There are sexual predators everywhere. They can be anyone - even someone you trust and know. But not many victims of sexual abuse actually speak up when it happens. This is because the perpetrator applies the grooming process towards their victims, especially children.
“Child grooming comprises actions deliberately undertaken with the aim of befriending and establishing an emotional connection with a child, to lower the child's inhibitions in order to sexually abuse the child” (http://en.wikipedia.org/wiki/Child_grooming). Sexual grooming is a long and slow process, usually lasting months or years. The goal is to gain the trust of the victim, which puts the offender in a position of power over him or her. This helps assure that the victim does not tell on the perpetrator. The sexual grooming process generally involves six steps, but most of the time before grooming the child, the offender grooms the parents into trusting him with their child. This usually means that the parents know the offender, often times very well. Here are the six steps.
Stage one: Targeting the victim
The first step is for the offender to pick out the victim - a child with greater vulnerability, lower self esteem, and preferably lower parental-supervision. Often times, an abuser was abused as a child. (This does not, however, mean that most of the children who were abused end up abusing. In fact, a very small amount of victims actually do go on to be offenders.) They often target children the age they were when they were abused, and stick with this age of victim almost consistently.

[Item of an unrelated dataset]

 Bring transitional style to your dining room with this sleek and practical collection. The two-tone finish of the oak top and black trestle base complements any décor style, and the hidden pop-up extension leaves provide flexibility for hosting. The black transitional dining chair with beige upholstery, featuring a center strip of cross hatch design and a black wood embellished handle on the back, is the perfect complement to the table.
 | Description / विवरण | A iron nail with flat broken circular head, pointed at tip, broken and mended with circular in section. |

Stage two: Gaining the victim’s trust
This is done through compassion and extra attention, gathering information about the child. They seem just like a responsible caretaker, and expert offenders know not to show too much right away, as to provoke suspicion. They find the child’s needs and fill them, taking on an almost parent-like role.
Stage three: Filling a need
The sexual offender sees a child’s needs and fills it, whether that’s attention, affection, or a physical gift. The perpetrator becomes noticeably more important in the child’s life, and the child often times begins to idealize offender at this stage. The relationship has not been made sexual yet; it is still a seemingly innocent interest in the child’s life.
Step four: Isolating the child
The offender uses excuses for him/herself and the child to be alone together. If the offender is a coach, maybe he/she insists on giving that child rides home alone. This creates a deeper connection and bond between the child and the perpetrator. A deeper bond can be created when the offender reinforces that he/she loves the child in a deeper and more special way than anyone else, even parents, do.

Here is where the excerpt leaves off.